## [Task brief]
Output nothing but the lines from the one holding "застежка-молния, двухцветные панели" to the end of the listing. Reproduce them exactly, without the pictures.

## [Task material]
══════

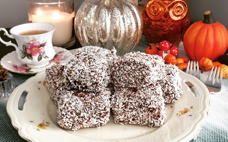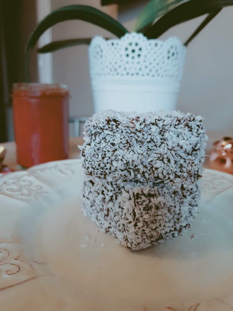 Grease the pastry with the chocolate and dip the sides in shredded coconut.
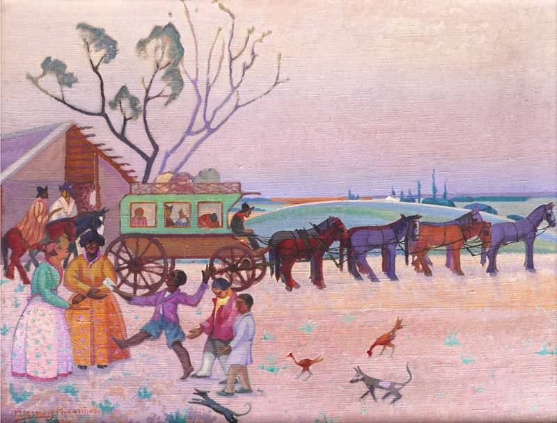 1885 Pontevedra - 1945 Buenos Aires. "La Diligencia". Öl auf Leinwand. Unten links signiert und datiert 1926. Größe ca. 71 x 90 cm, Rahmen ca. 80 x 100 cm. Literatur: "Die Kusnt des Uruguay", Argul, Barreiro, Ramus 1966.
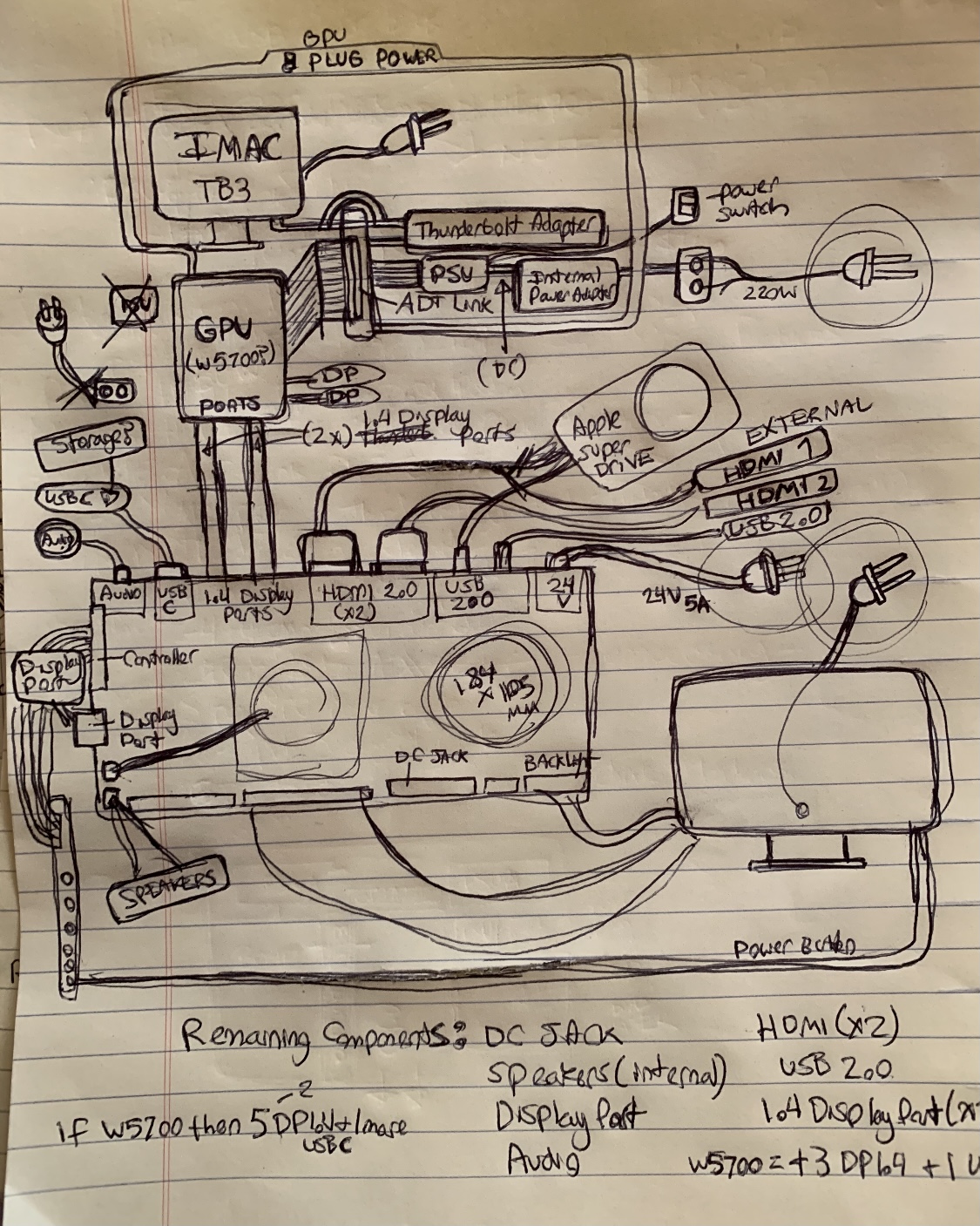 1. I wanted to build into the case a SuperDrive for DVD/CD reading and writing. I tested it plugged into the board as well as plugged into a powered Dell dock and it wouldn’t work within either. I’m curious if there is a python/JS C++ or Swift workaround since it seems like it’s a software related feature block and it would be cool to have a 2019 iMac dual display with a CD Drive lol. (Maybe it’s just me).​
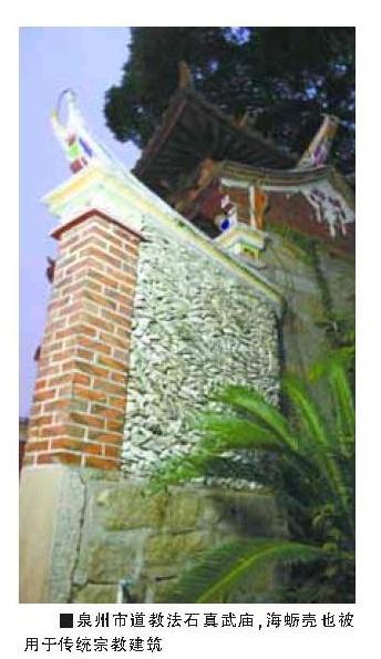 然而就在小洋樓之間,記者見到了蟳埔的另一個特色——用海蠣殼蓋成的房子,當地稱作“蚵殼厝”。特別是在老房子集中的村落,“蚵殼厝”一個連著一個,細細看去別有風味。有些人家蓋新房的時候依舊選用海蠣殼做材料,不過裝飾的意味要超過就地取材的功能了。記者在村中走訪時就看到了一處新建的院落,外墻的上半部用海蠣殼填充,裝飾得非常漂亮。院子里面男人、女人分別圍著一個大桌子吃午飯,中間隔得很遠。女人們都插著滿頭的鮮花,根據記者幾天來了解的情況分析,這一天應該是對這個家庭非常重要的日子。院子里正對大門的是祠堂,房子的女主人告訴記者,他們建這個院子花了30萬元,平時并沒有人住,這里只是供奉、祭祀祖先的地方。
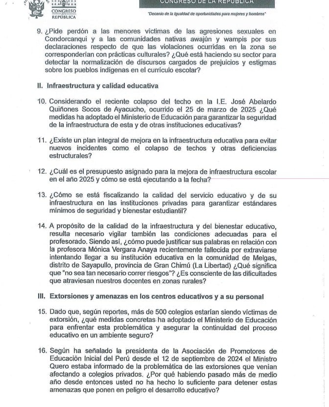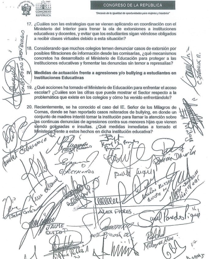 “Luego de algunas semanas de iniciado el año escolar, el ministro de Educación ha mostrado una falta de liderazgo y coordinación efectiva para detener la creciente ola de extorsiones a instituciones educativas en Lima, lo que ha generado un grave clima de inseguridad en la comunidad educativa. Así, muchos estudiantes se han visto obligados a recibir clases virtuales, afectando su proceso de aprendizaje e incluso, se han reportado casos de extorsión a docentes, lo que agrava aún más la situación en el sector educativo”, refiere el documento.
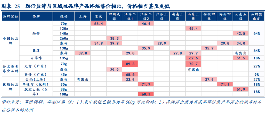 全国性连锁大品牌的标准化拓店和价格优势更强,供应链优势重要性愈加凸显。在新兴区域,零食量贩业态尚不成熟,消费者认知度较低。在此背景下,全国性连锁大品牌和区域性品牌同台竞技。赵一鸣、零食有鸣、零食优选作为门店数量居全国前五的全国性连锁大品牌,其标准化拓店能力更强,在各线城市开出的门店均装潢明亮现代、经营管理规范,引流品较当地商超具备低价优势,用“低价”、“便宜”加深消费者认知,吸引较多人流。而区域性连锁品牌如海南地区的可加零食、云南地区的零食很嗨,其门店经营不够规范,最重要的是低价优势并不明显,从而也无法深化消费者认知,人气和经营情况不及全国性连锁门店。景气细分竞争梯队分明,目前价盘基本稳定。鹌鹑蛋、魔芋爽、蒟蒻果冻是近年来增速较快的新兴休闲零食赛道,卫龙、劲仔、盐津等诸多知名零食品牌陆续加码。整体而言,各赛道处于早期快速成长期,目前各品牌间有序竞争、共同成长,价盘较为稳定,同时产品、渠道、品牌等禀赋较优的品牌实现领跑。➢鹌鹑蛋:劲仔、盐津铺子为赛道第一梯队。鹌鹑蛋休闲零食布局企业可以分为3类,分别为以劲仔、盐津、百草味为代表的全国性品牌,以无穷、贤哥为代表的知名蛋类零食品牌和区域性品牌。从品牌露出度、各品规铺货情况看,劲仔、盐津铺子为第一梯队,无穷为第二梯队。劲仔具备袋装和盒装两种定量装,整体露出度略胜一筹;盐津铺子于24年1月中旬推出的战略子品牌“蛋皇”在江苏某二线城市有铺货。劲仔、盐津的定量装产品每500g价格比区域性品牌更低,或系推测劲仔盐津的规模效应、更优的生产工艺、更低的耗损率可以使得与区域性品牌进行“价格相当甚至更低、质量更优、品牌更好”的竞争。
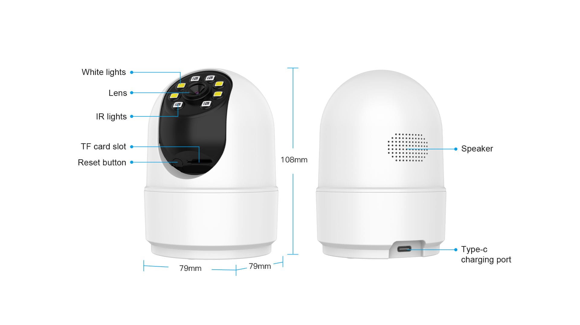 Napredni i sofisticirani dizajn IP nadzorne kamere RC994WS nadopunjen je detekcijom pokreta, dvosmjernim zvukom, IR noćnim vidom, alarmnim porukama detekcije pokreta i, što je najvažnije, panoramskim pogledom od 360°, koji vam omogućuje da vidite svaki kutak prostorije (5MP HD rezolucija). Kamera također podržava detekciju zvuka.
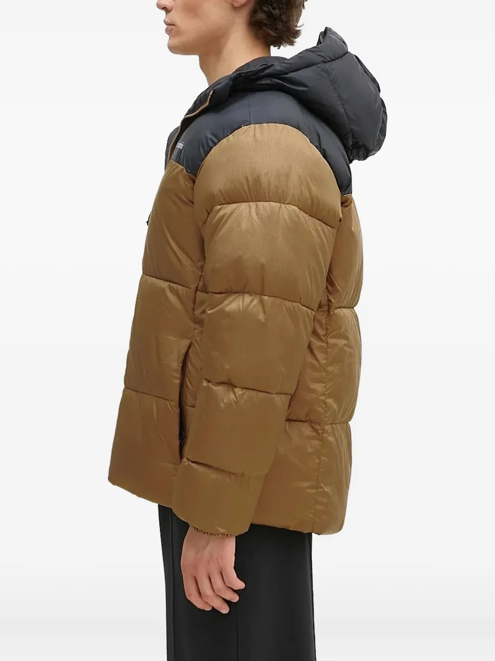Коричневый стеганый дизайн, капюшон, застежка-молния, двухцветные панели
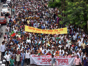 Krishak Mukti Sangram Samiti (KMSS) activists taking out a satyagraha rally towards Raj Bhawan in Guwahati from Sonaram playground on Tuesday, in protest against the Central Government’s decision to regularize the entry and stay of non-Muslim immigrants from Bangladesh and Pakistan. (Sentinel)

══════

## [The completed task]
Коричневый стеганый дизайн, капюшон, застежка-молния, двухцветные панели
 Krishak Mukti Sangram Samiti (KMSS) activists taking out a satyagraha rally towards Raj Bhawan in Guwahati from Sonaram playground on Tuesday, in protest against the Central Government’s decision to regularize the entry and stay of non-Muslim immigrants from Bangladesh and Pakistan. (Sentinel)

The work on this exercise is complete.